Мерль просто посмотрел на меня с печальным недоверием, и рука моя сама потянулась к шее. Невидимая петля затягивалась.
Думаю, вы знаете конец этой грязной истории — все знают. Даже здесь, среди racaille,[36] я приобрел славу: они зовут меня «Козырной валет» и обращаются ко мне уважительно, как к джентльмену, которого ждет виселица. Иногда стражник подкидывает мне засаленную колоду карт, и я снисхожу до короткой партии в покер. Я всегда выигрываю.
Судебное разбирательство прошло неплохо — вообще-то мне даже понравился этот спектакль. Защита была смелой, но ее легко задушили — я бы и сам сказал адвокату, что ссылка на невменяемость не пройдет, — но прокурор оказался злобным старым методистом, он раскопал все подробности моей пестрой карьеры, включая некоторые эпизоды, о которых я и сам забыл, и любовно смаковал детали. Еще там было много женщин, и когда судья надел свою черную шапочку, его дрожащий старческий голос потонул в стонах и рыданиях. Женщины!
Ну, я получил свою отсрочку на три воскресенья — и ни в одно из них не стал встречаться со священником, но в конце концов он сам пришел ко мне. Ему невыносимо сознавать, сказал он, что нераскаявшийся грешник отправится на виселицу. Это легко исправить, заявил я: не вешайте меня! Вряд ли он оценил шутку. Они обделены чувством юмора. Со слезящимися старческими глазами он рассказывал мне про Ад. Но я помню свою последнюю триумфальную картину «Содом и Гоморра» и думаю, что знаю про Ад гораздо больше старого распутника. Ад там, куда попадают все грешницы, — я говорил вам, что люблю погорячее, — и, может быть, оттуда, снизу, я смогу заглянуть ангелам под платья, или рясы, или что они там носят, и узрю ответ на старый богословский вопрос.
Вижу, вы шокированы, падре. Но вспомните, что не будь в Аду грешников, не было бы развлечений для ребят в бельэтаже — и я всегда говорил, что должен выступать на сцене. Так что уберите ваши четки и выпейте глоток чего-нибудь согревающего — знаете, тут за деньги все можно купить, — и может, партеечку-другую в карты, а потом, когда уйдете, сможете сказать, что выполнили свой долг. Поцелуйте за меня девочек и передайте им, что увидимся на танцах. Я ведь должен поддерживать репутацию.

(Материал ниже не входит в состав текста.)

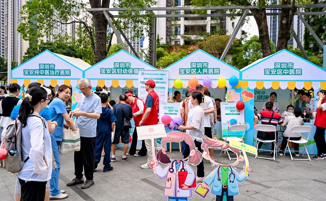活动当天,宝安壹方城广场热闹非凡,健康市集区、学习互动区、智能设备体验区和直播间吸引了不少市民打卡。来自宝安区人民医院、宝安区中医院、宝安区妇幼保健院、深圳市纯中医治疗医院、宝安区慢性病防治院的医护团队,为市民提供名医义诊、体重管理、八段锦、中医药文化知识互动、急救培训等具有宝安特色的健康服务。“救”在身边、“绳”采飞扬、“锦”上添花、“趣”识百草等丰富多彩的互动游戏,将家庭医生签约服务、慢性病管理等基本公共卫生服务内容纳入游戏化场景中,让市民在互动中进一步了解国家基本公共卫生服务项目。

Но иногда, поздней ночью, я лежу без сна и не перестаю удивляться, как они это провернули, Фанни и ее темная дочь. И иногда, когда секунды безжалостно падают в пустоту, я почти готов поверить… в сны, в видения… в маленьких холодных ночных скитальцев с тонкими ледяными пальцами, с алчущими ртами и еще более алчущими сердцами. В мстительных детей грез… в любовь, которая больше смерти и прочнее могилы.
И на этой сумрачной грани сна и яви появляется картинка — на трезвую голову мне всегда хорошо удавались картины, — картинка, которая, если прищуриться, становится почти четкой: на ней мать, так любившая свою мертвую дочь, что вернула ее, вселила в тело другой девочки, грустной и одинокой девочки, что нуждалась в любви; и эта нужда и любовь были так сильны, так звали ее сквозь темные пространства, что она пришла, страстно желая получить шанс на еще одну жизнь. О да, я знаю все о таком желании. И вместе они, несчастная бледная девушка и та, потерянная, замерзшая, темная, создали одну женщину, с телом одной и разумом обеих, и знанием за пределами человеческого воображения…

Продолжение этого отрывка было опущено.